Start of SUPPLIED ENTRIES

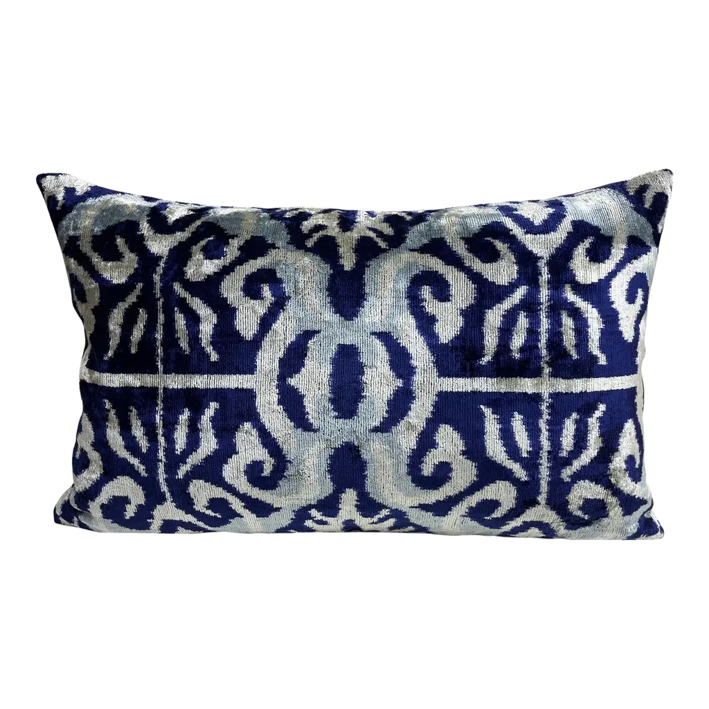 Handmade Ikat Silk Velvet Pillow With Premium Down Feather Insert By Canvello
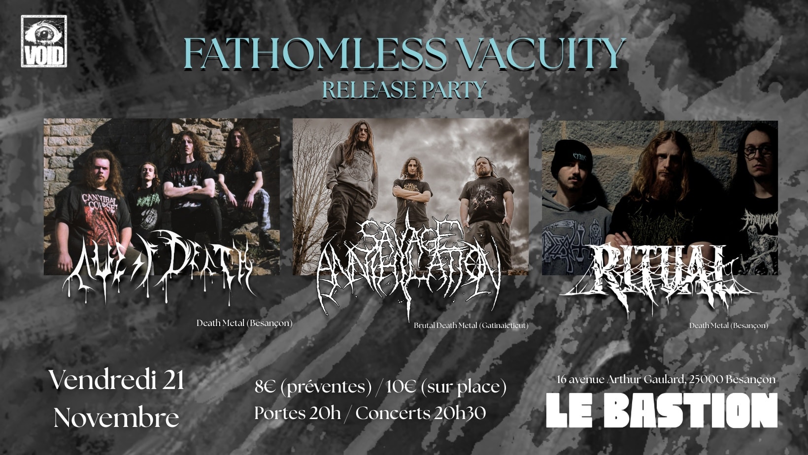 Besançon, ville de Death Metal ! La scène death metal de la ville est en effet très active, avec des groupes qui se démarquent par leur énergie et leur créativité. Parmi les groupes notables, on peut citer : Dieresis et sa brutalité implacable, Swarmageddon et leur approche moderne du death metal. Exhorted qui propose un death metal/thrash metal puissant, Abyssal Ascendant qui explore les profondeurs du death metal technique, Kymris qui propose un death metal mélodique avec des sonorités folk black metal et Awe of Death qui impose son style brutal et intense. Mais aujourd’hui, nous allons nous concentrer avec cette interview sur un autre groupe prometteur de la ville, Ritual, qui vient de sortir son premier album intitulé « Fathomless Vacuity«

End of SUPPLIED ENTRIES
Start of SUPPLIED ENTRIES

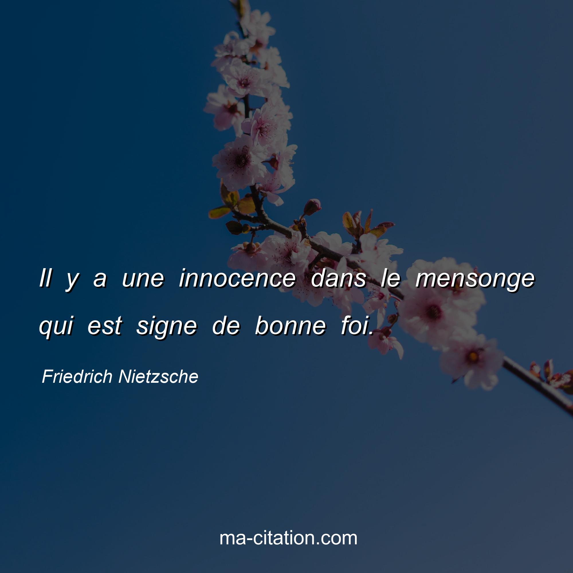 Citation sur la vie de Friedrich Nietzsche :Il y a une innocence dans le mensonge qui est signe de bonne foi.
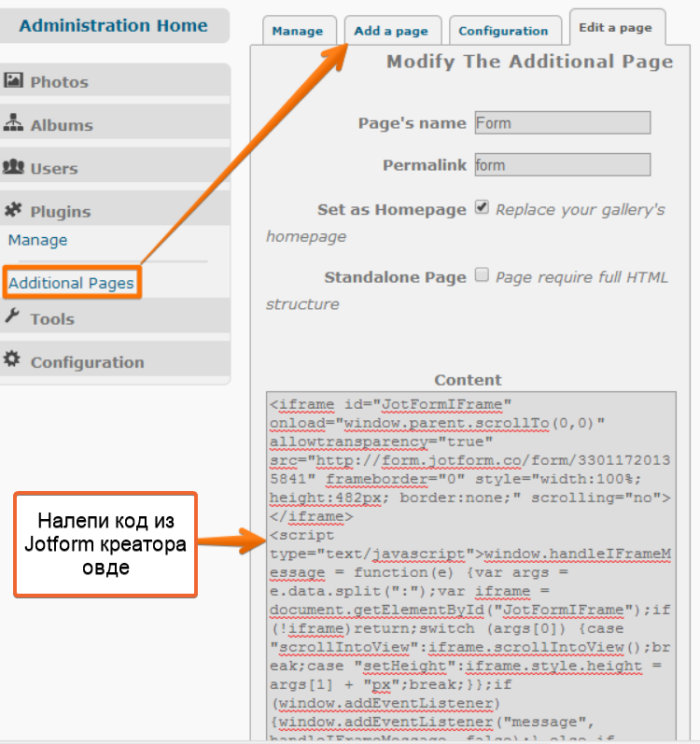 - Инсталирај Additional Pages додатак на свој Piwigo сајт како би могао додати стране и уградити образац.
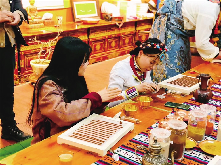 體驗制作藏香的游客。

End of SUPPLIED ENTRIES
Start of SUPPLIED ENTRIES

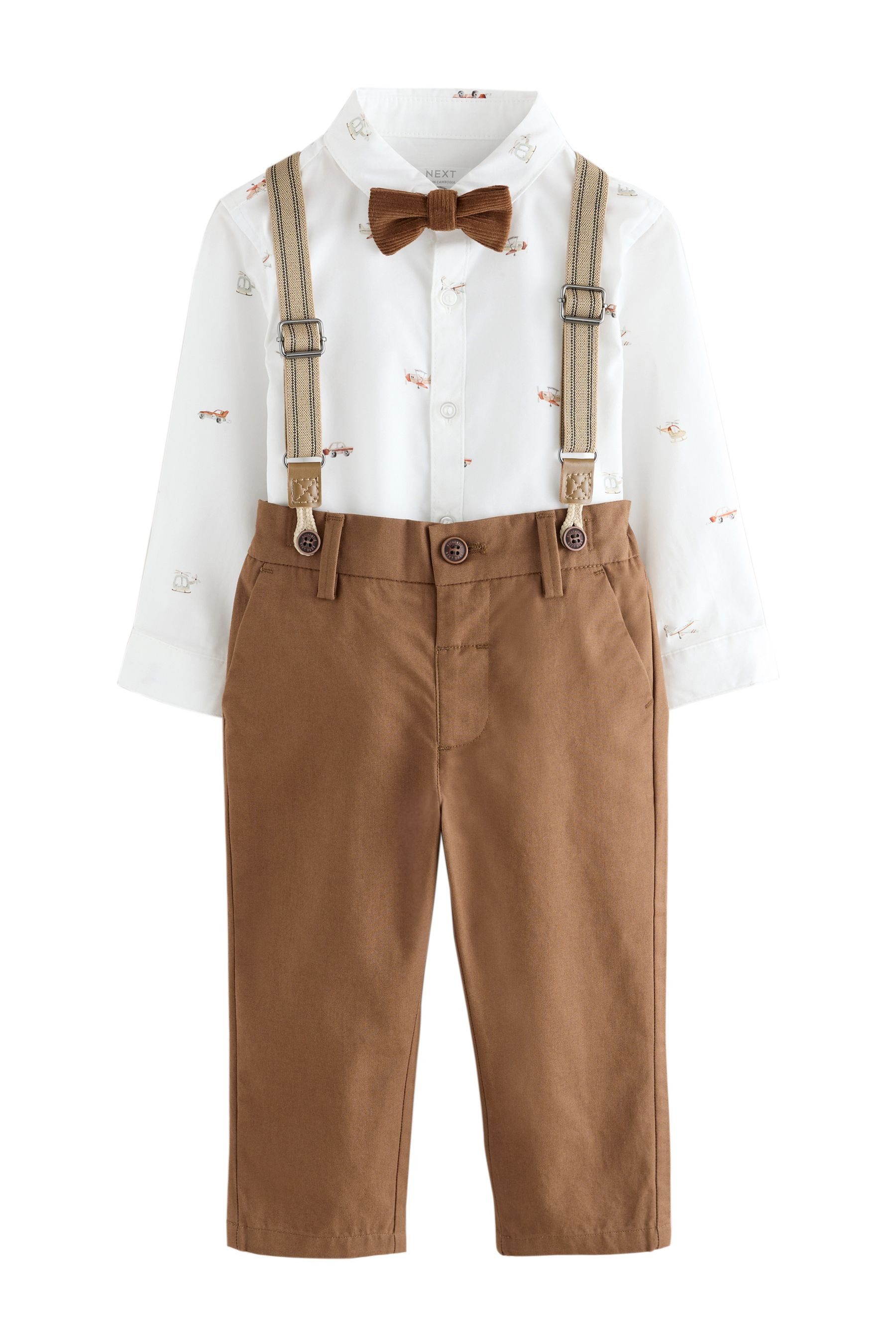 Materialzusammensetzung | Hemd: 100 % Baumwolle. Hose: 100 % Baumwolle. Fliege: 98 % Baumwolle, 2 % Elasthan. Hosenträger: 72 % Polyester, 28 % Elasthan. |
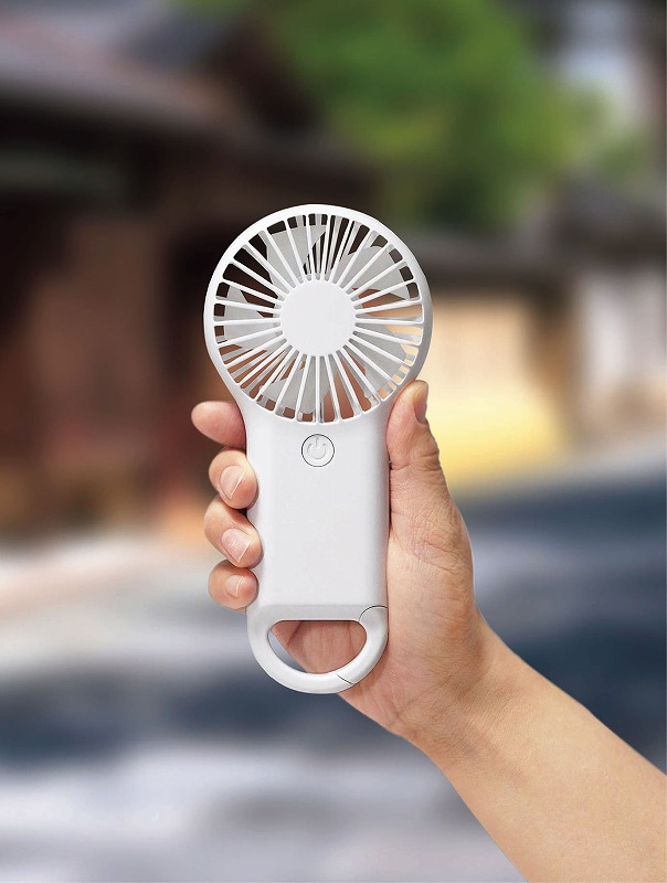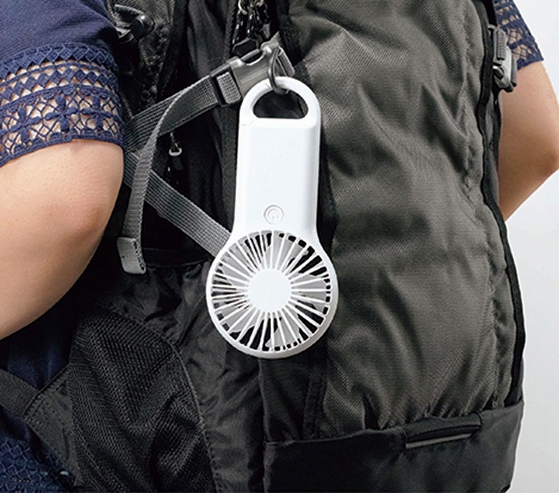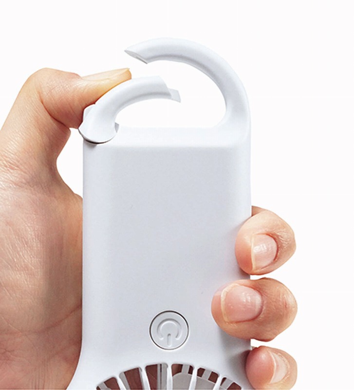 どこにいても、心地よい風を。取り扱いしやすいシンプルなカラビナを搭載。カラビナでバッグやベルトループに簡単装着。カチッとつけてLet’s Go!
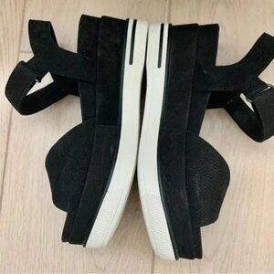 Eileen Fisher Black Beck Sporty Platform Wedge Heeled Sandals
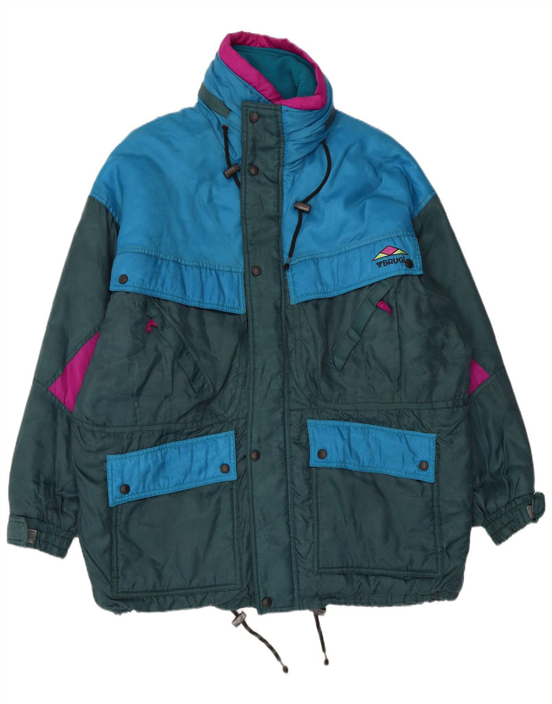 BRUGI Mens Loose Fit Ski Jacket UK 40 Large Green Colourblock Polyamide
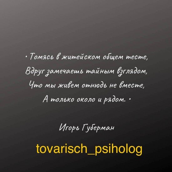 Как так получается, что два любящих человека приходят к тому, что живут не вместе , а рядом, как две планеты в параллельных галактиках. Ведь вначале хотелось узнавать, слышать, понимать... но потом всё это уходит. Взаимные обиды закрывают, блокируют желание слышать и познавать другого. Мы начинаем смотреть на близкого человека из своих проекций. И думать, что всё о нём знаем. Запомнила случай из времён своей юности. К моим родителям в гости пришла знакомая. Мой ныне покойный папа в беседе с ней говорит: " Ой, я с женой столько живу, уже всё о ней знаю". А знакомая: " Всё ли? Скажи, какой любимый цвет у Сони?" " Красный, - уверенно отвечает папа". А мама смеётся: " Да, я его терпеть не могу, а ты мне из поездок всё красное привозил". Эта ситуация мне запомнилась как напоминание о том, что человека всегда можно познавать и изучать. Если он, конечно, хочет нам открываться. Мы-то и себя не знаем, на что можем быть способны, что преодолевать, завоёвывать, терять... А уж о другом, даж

End of SUPPLIED ENTRIES

- [WHAT IS REQUIRED]: Starting with the line above that holds "Eileen Fisher Black", restate each line word for word up to and including the line that holds "Как так получается, что". Drop the pictures.

- [OUTPUT]:
 Eileen Fisher Black Beck Sporty Platform Wedge Heeled Sandals
 BRUGI Mens Loose Fit Ski Jacket UK 40 Large Green Colourblock Polyamide
 Как так получается, что два любящих человека приходят к тому, что живут не вместе , а рядом, как две планеты в параллельных галактиках. Ведь вначале хотелось узнавать, слышать, понимать... но потом всё это уходит. Взаимные обиды закрывают, блокируют желание слышать и познавать другого. Мы начинаем смотреть на близкого человека из своих проекций. И думать, что всё о нём знаем. Запомнила случай из времён своей юности. К моим родителям в гости пришла знакомая. Мой ныне покойный папа в беседе с ней говорит: " Ой, я с женой столько живу, уже всё о ней знаю". А знакомая: " Всё ли? Скажи, какой любимый цвет у Сони?" " Красный, - уверенно отвечает папа". А мама смеётся: " Да, я его терпеть не могу, а ты мне из поездок всё красное привозил". Эта ситуация мне запомнилась как напоминание о том, что человека всегда можно познавать и изучать. Если он, конечно, хочет нам открываться. Мы-то и себя не знаем, на что можем быть способны, что преодолевать, завоёвывать, терять... А уж о другом, даж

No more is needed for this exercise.